EPF responds to European Commission proposal on medical devices regulations
The European Patients’ Forum (EPF) welcomes the European Commission’s proposal to amend the Medical Devices Regulation (MDR) and In Vitro Diagnostic Regulation (IVDR), recognising its potential to address ongoing implementation challenges and prevent disruptions in patient access to essential medical devices.
While EPF supports efforts to strengthen coordination, introduce pathways for breakthrough and orphan devices, and maintain patient safety at the core of the framework, it also raises important concerns. These include reduced transparency, insufficient patient involvement in decision-making, and potential risks linked to increased reliance on simplified regulatory requirements.
To address these issues, EPF puts forward several key recommendations:
- Preserve strong oversight throughout the device lifecycle – this includes harmonising evidence requirements through e.g. common specifications and removing provisions aimed at simplifying reliance on equivalence, and ensuring that simplification measures do not weaken post-market surveillance and AI oversight.
- Improve vigilance and response to safety events – this includes establishing clear timelines for investigation, risk assessment, and response to safety events across the EU, as well as strengthened coordination between national competent authorities and timely communication to patients.
- Strengthen patient involvement in governance and regulatory decision-making – this means empowering patients to contribute to decisions that affect them through the creation of a specific platform for dialogue under the MDCG, similar to the EMA Patient and Consumer Working Party (PCWP), with adequate financial support. Other measures include the inclusion of patients in expert panels and the establishment of reporting channels for safety issues.
- Improve transparency and access to information for patients – prioritise the roll-out of a clear, searchable, and accessible EUDAMED, including expanding available information to strengthen trust in the clinical evidence base and notified bodies’ decisions, and maintain implant cards for all implantable devices, including well-established technologies (WET)
- Address unmet patients’ needs and innovation gaps – ensure breakthrough and orphan pathways work in practice in a decentralised system and effectively address patients’ needs, with a particular focus on adequate oversight and post-market follow-up.

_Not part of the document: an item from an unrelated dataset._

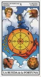 Todos sabemos ya que la vida, la existencia de todas las cosas, están dadas por ciclos, que es un permanente y continuo ciclo, de modo que estás arriba como estás abajo, pero con esta carta tienes la clara indicación de que estás en un ciclo favorable y positivo, y debes aprovecharlos antes que la rueda siga su giro y el ciclo pase a ser no tan bueno. La Diosa Fortuna te sonríe ahora, es tu un tiempo inmejorable para los Nuevos comienzos e inicios de cualquier tipo en tu vida!
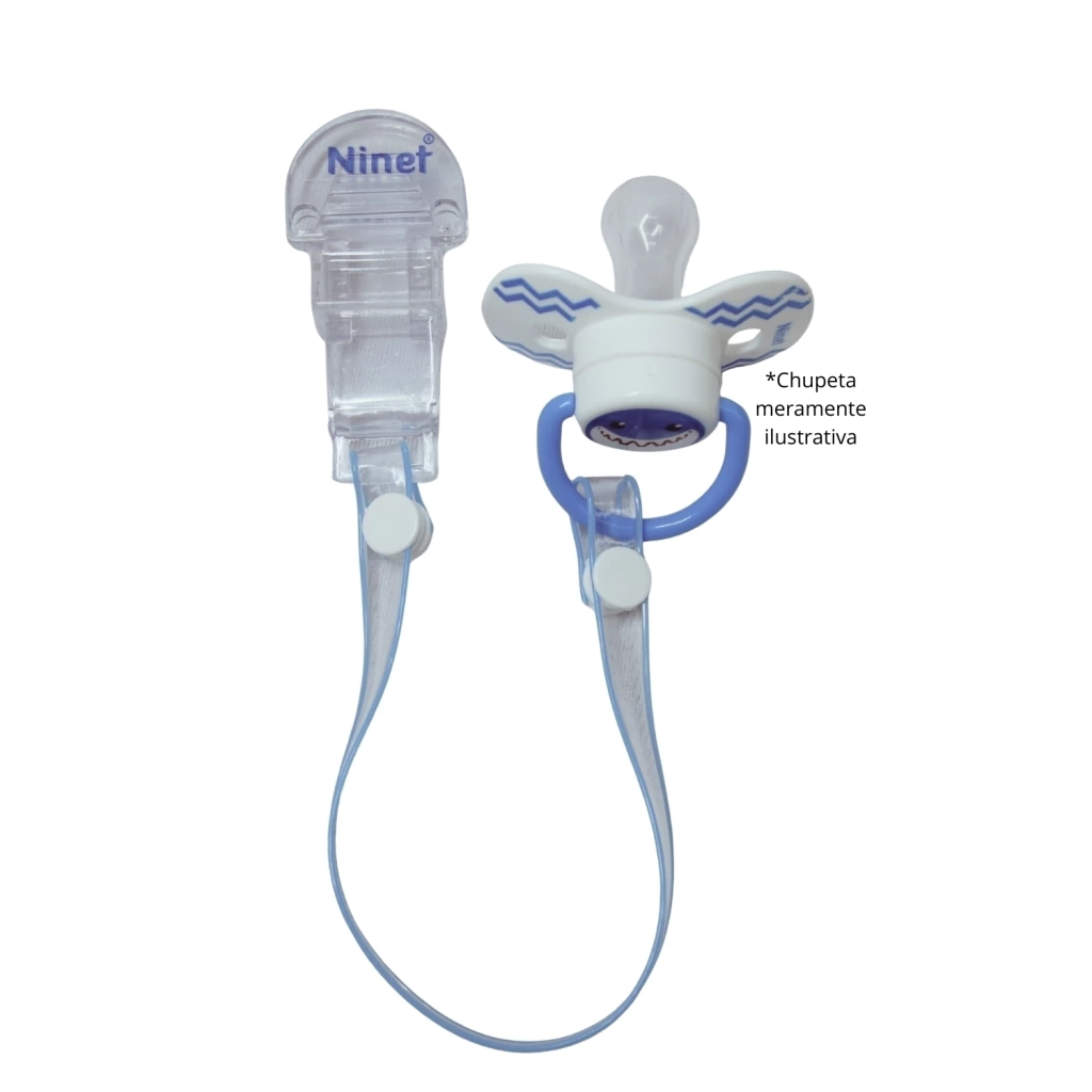 1 unidade de Prendedor de Chupeta Ninet com Trava em Tryton e Fita Azul de Silicone

- Ensure adequate resources, governance structures, support mechanisms for sharing of best practices and commitment across the system to ensure successful implementation. Further, recognise patient organisations as real partners in the system to share data and experiences from their community and amplify public health communications.
Reaffirming its commitment to a patient-centred approach, EPF stands ready to work with EU institutions to ensure that the revised regulatory framework guarantees both high safety standards and timely, equitable access to medical innovation across Europe.